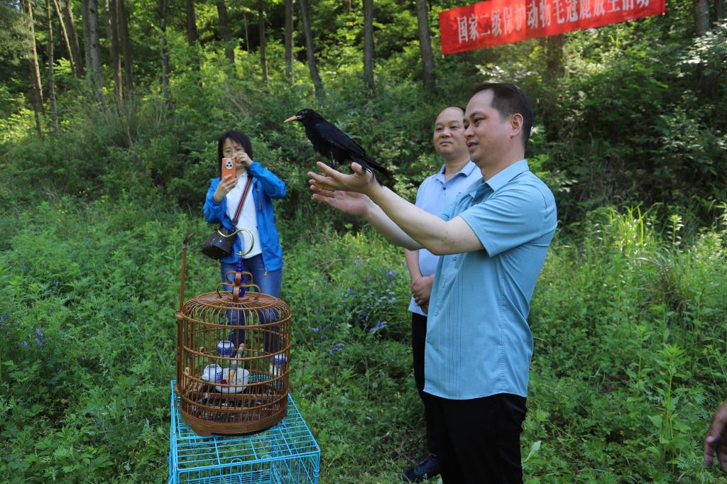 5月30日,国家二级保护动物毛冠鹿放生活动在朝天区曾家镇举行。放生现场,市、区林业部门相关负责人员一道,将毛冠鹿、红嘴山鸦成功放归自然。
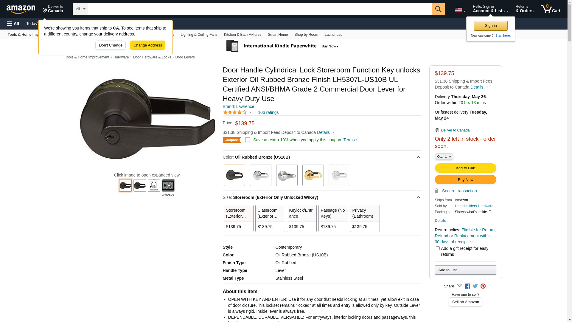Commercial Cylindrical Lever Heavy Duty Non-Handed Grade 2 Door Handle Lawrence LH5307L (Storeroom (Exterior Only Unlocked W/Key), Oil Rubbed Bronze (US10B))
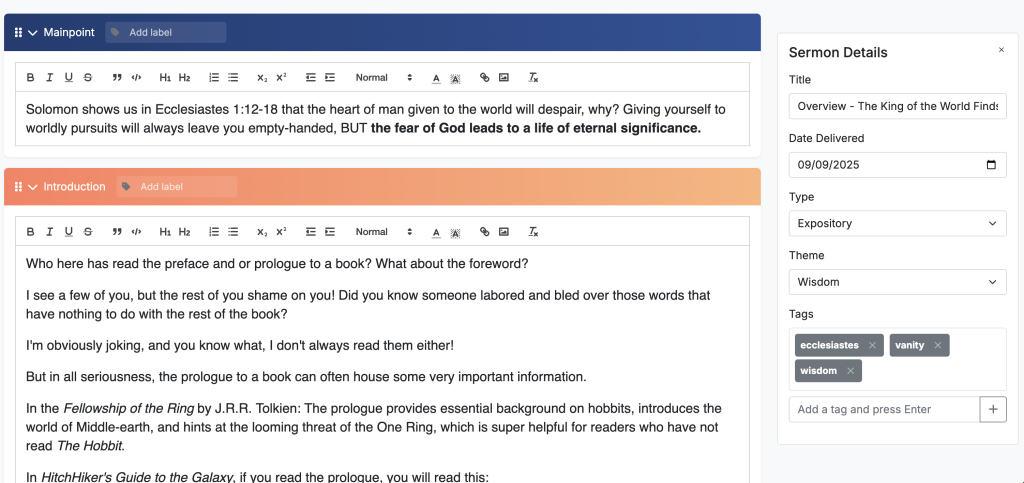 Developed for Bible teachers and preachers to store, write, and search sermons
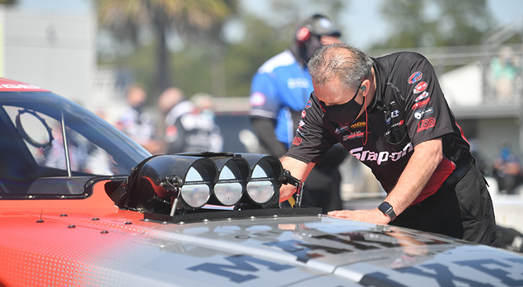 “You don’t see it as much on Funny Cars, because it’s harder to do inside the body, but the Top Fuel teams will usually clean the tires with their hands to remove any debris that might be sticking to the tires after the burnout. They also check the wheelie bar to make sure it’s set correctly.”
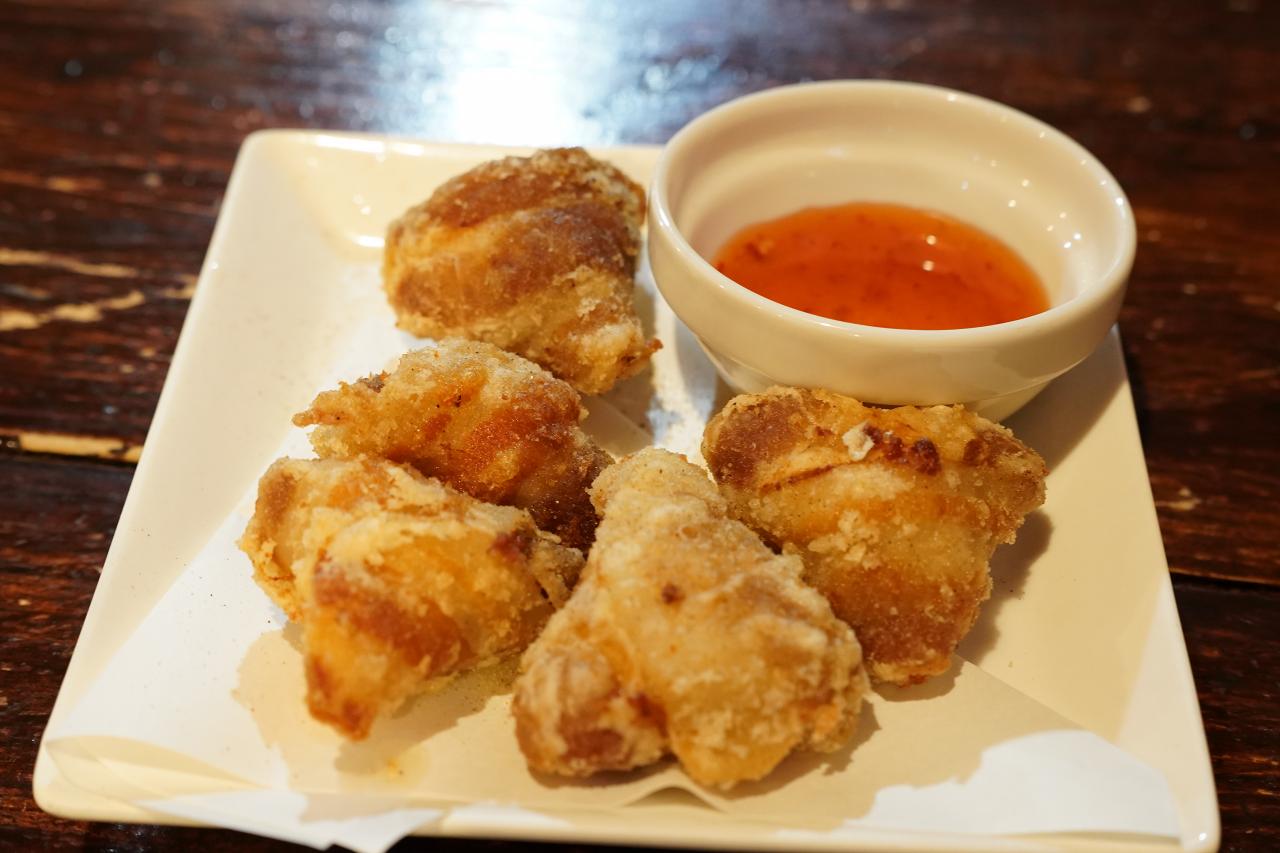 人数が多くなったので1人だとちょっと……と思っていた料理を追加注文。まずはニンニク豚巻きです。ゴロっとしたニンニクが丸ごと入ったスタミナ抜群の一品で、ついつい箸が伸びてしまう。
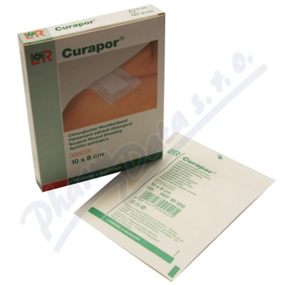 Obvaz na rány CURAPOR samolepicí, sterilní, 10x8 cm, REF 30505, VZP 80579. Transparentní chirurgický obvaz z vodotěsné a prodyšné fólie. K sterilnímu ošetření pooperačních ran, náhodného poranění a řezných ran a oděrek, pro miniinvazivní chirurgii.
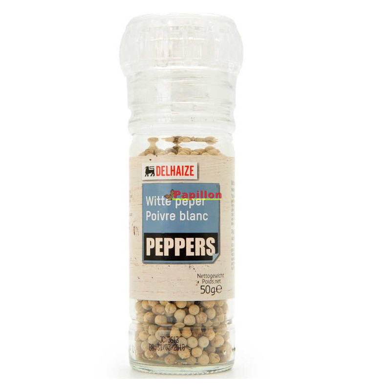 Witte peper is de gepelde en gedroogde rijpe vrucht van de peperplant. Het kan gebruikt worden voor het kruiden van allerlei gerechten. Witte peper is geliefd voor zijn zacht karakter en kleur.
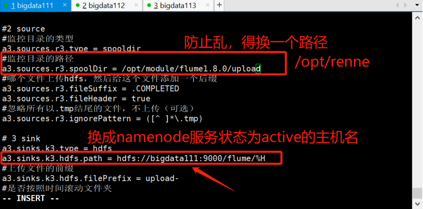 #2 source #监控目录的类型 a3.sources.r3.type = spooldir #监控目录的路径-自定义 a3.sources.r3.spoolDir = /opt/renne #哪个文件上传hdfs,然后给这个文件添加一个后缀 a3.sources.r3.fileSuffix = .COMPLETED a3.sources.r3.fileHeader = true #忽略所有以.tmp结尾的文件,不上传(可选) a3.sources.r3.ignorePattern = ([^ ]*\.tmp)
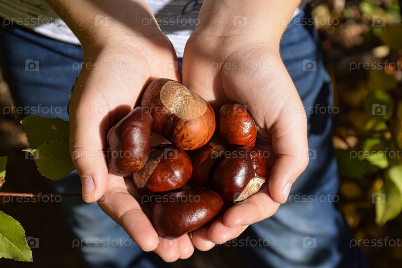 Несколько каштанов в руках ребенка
# # #
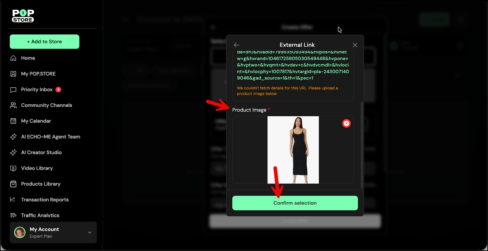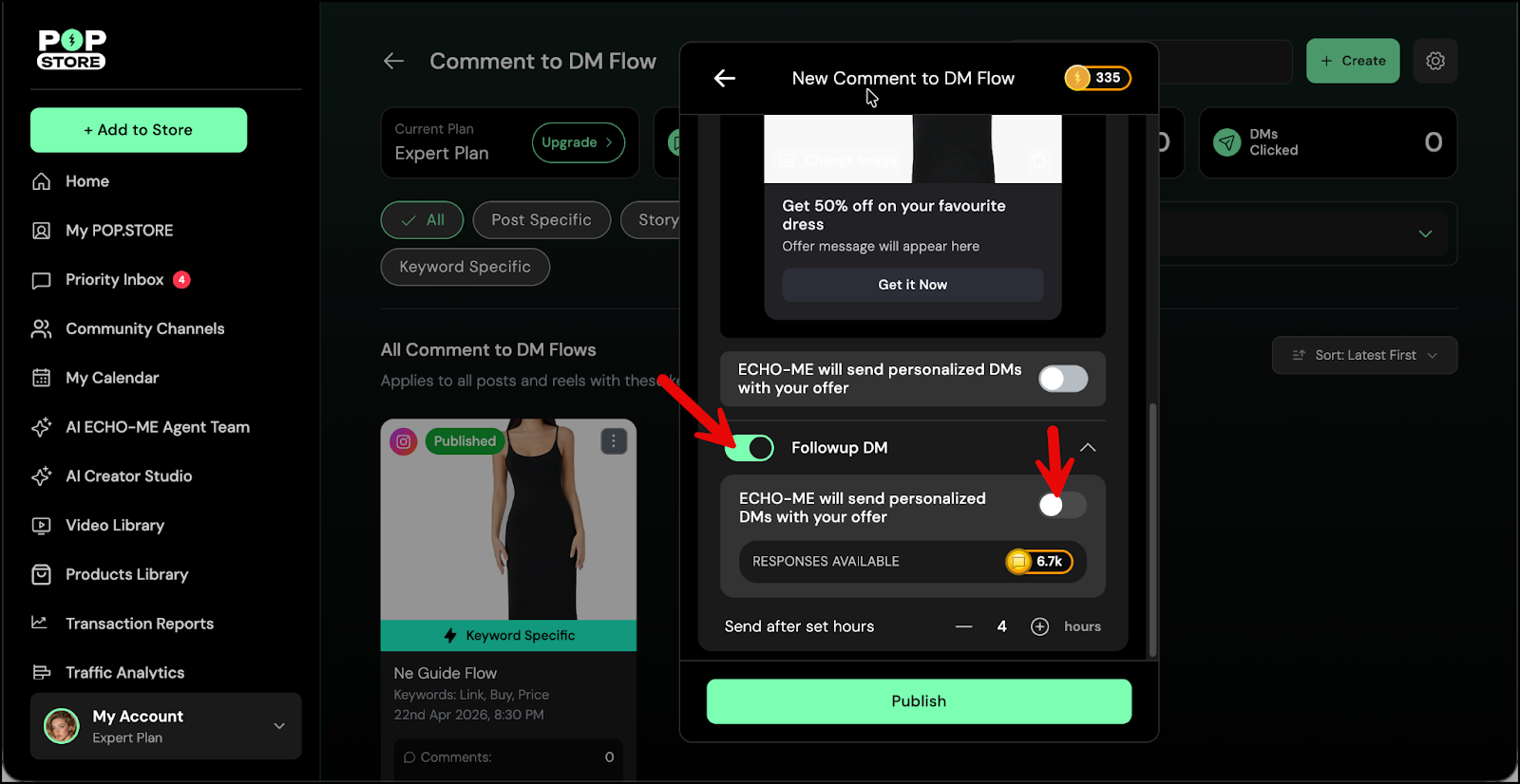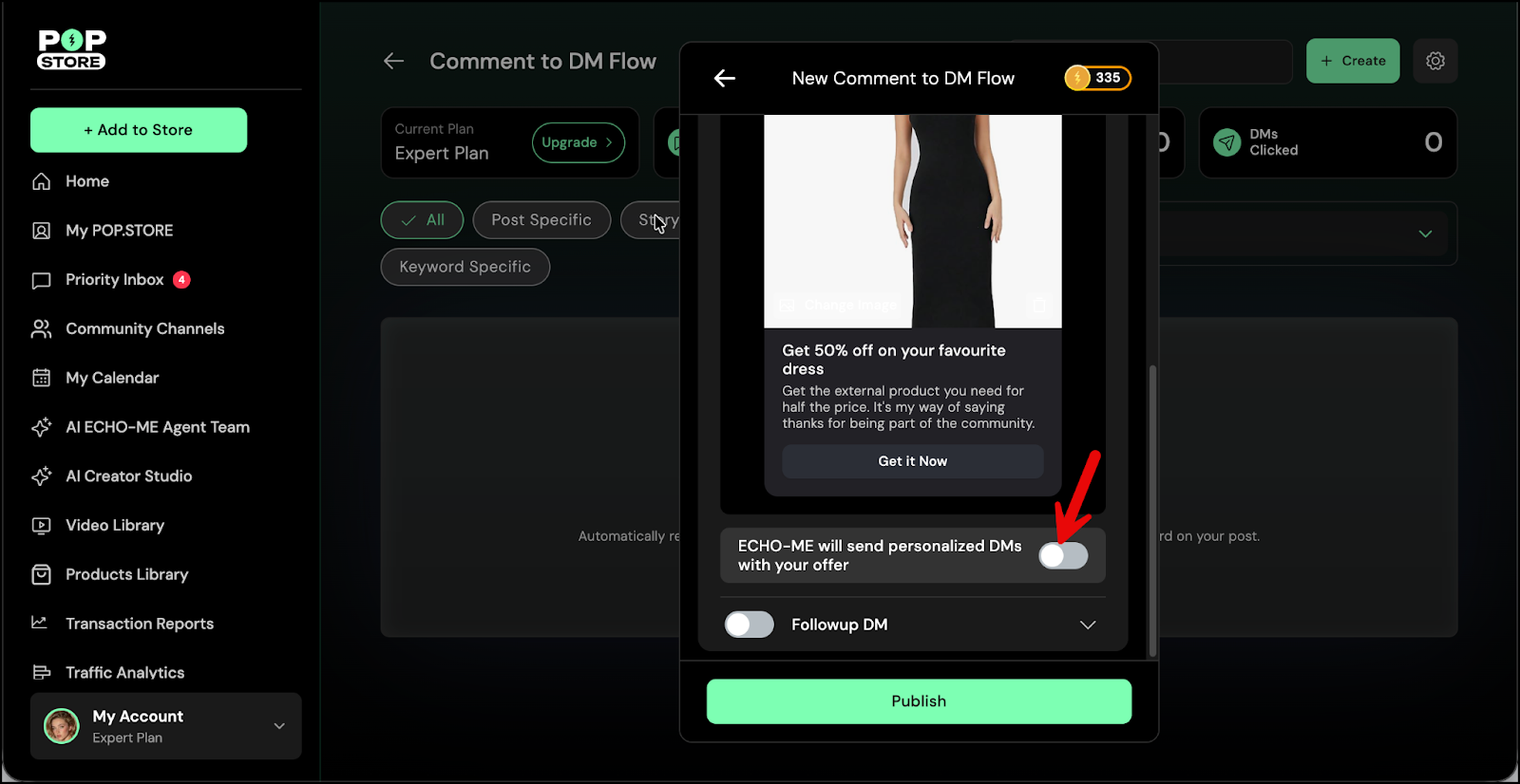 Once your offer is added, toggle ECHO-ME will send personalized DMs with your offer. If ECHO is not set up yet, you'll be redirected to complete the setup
# # #
◆ **Task prompt**: Although pictures appear among the records above, none are to be output; print exactly the lines from the line containing "Witte peper is de" through the line containing "Несколько каштанов в руках ребенка".

◆ **Answer to the exercise**:
 Witte peper is de gepelde en gedroogde rijpe vrucht van de peperplant. Het kan gebruikt worden voor het kruiden van allerlei gerechten. Witte peper is geliefd voor zijn zacht karakter en kleur.
 #2 source #监控目录的类型 a3.sources.r3.type = spooldir #监控目录的路径-自定义 a3.sources.r3.spoolDir = /opt/renne #哪个文件上传hdfs,然后给这个文件添加一个后缀 a3.sources.r3.fileSuffix = .COMPLETED a3.sources.r3.fileHeader = true #忽略所有以.tmp结尾的文件,不上传(可选) a3.sources.r3.ignorePattern = ([^ ]*\.tmp)
 Несколько каштанов в руках ребенка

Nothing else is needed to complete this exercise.